Monday, November 17, 2008

How To Find Keywords for Marketing Research

By Brian Armstrong

Just about any of your internet marketing efforts begin with finding keywords that people are actually searching for that you can use to get traffic. One of the most solid ways to get visitors to your website is through the search engines.

Begin with a spreadsheet where you can keep a record of your keywords. If you begin with the most common keywords or keyword phrases that represent what you think people are searching for when you want them to find your website. This is the list that most everybody else that has a website has considered, so we need to take this to the next level with more specific keywords.

From the more broad keyword phrases, you'll be able to take more specific keyword phrases that indicate individuals being more apt to take action or buy products or services from you. For instance, someone that searches for "mp3 players" isn't as ready to actually buy an mp3 player versus someone who searches for "32GB iPod Touch 2nd Gen". Now, when you end up reviewing the competition for these keywords, there are millions of pages using the keyword phrases "mp3 players" but only a few thousand pages that use "32GB iPod Touch 2nd Gen".

There are a couple of websites that can be used to determine how many searches are done on a monthly basis. Once you determine this, add this information to your spreadsheet. It will come in handy when you need to see which keywords are worth pursuing vs. those that will be a waste of time. The two websites that you'll be using are Google Adwords keyword tool and the freekeywords.wordtracker.com website. Both of these will give you keyword ideas and the number of monthly searches.

Once you know how many monthly searches there are for your keywords, you need to know which of those keyword phrases have the most competition and the least competition of course. When you can identify keyword phrases that get a good amount of searches with very little competition, you'll have keywords that you can use to get some good results.

Google has some advanced search features that will tell you how many pages there are in its index that contain your keyword phrase in some strategic places. If you search with Google for the allinanchor or allintitle results, you'll have data about how often your keyword phrase is used as anchor text or used in the title of the website.

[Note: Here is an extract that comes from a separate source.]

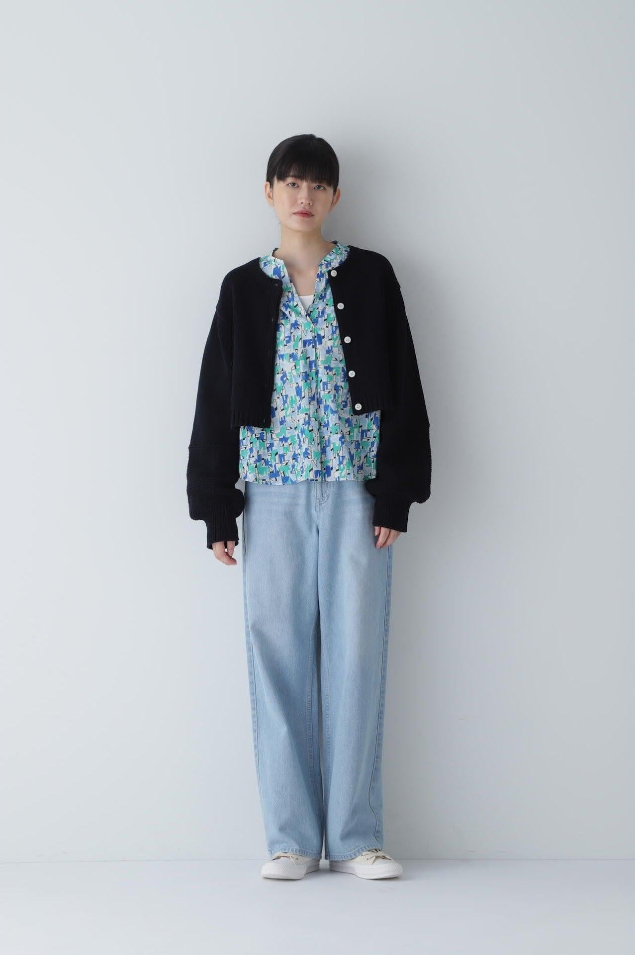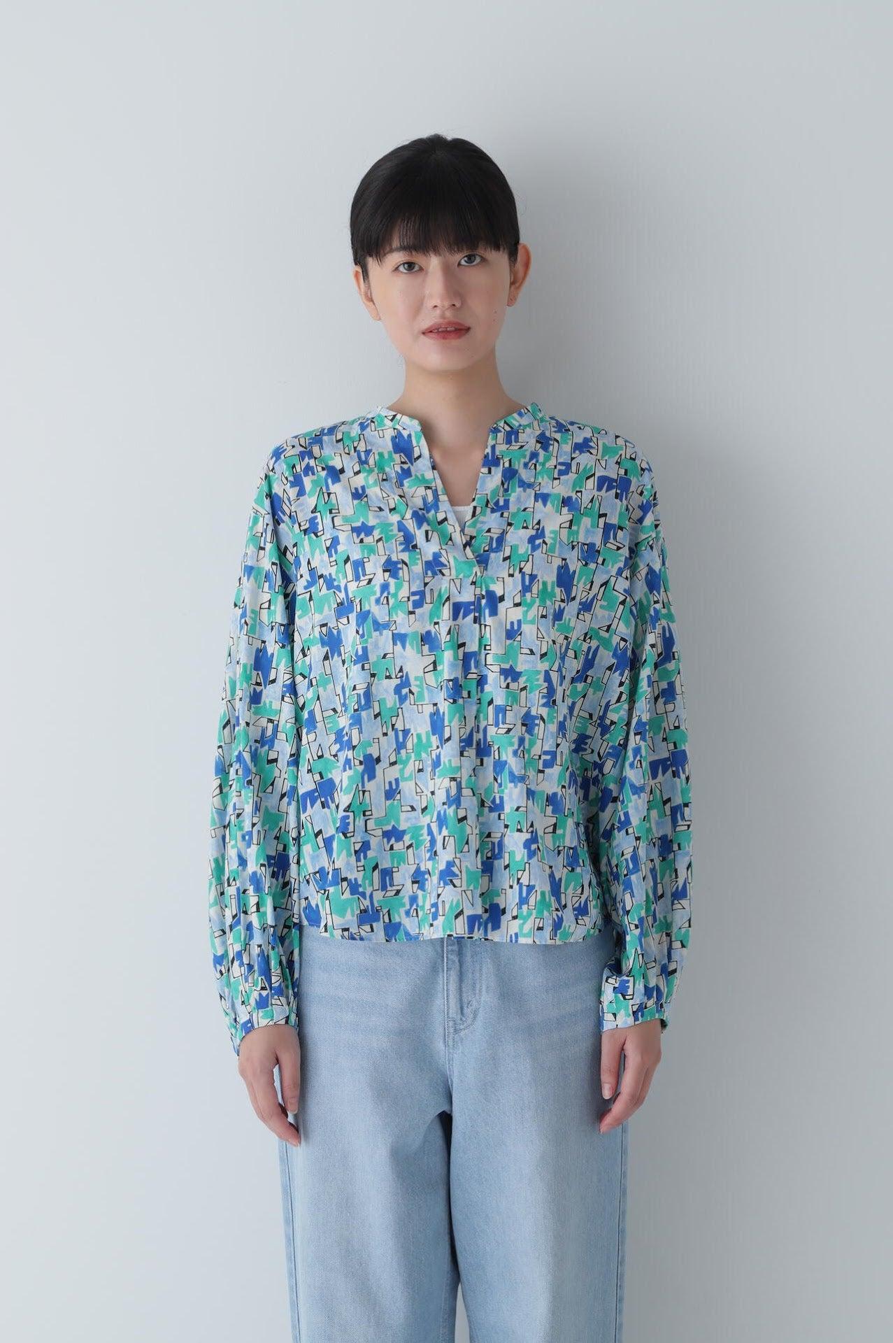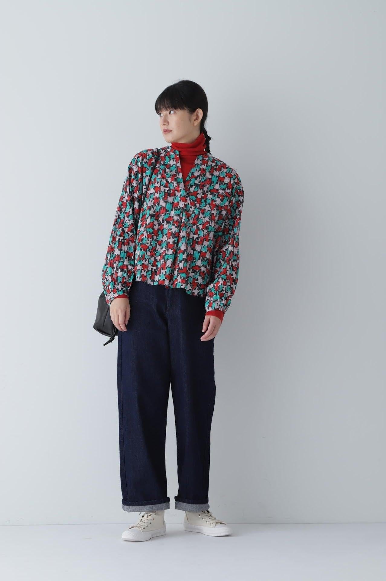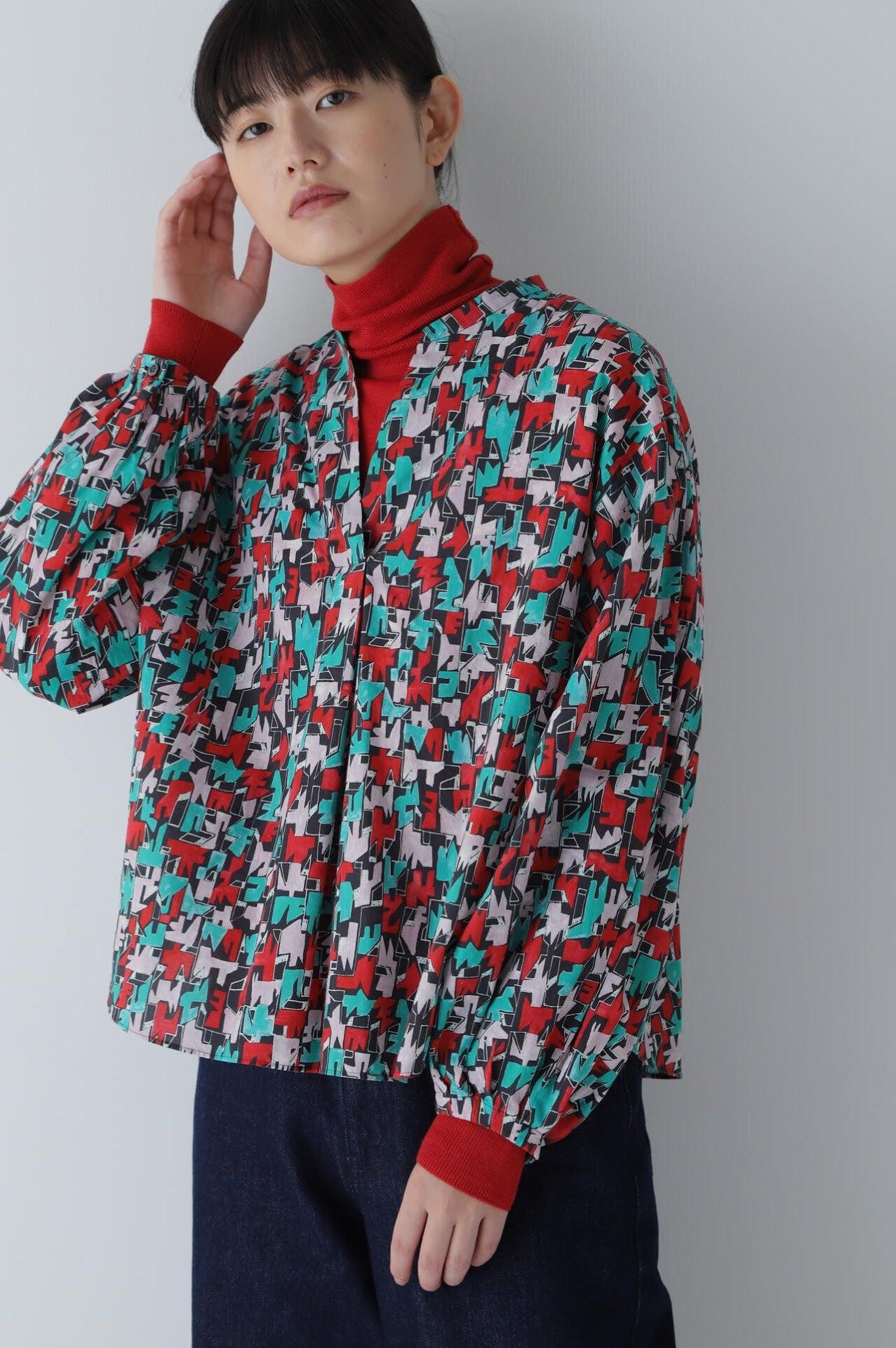 藝術印花襯衫,來自紡織品設計師 Eriko Yajima 與人類女性的合作 [設計要點] 這款印花襯衫的領口和袖子都是船長式的,袖子也很寬大。印花圖案是與紡織品設計師矢島繪理子合作的作品。矢島的原創設計充滿了藝術感、圖案感和懷舊手繪風格,並採用了人類女性的色彩。除了人類女性的紅色和藍色印花外,還有純白色,便於搭配針織馬甲和外套。推薦座標:簡單。

In order to decide which keyword phrases to use, start with keyword phrases that have a minimum of 100 searches per day or 3000 searches per month. Of course, if you are very specialized, you may go for less than 100 searches per day. It all depends on what you want for your business. As far as competition, target keyword phrases that have less than 10,000 allintitle results. The lower you can get on this number, the easier it will be to rank high on the search engines.

Finding keywords is just the start. Once you have your keyword phrases, you'll need to place those strategically in your web pages including in the page title, h1 tags, and within the content of the page itself. Ideally, you'll have about a 3-5% keyword density. What this means is that you'll use your 2-3 word keyword phrase about 1-2 times for every 100 words. If you have a few paragraphs in your blog post or your web page, plan on about 1 keyword phrase per paragraph. If you use those keyword phrases in the right way, you'll be on your way to getting those top rankings.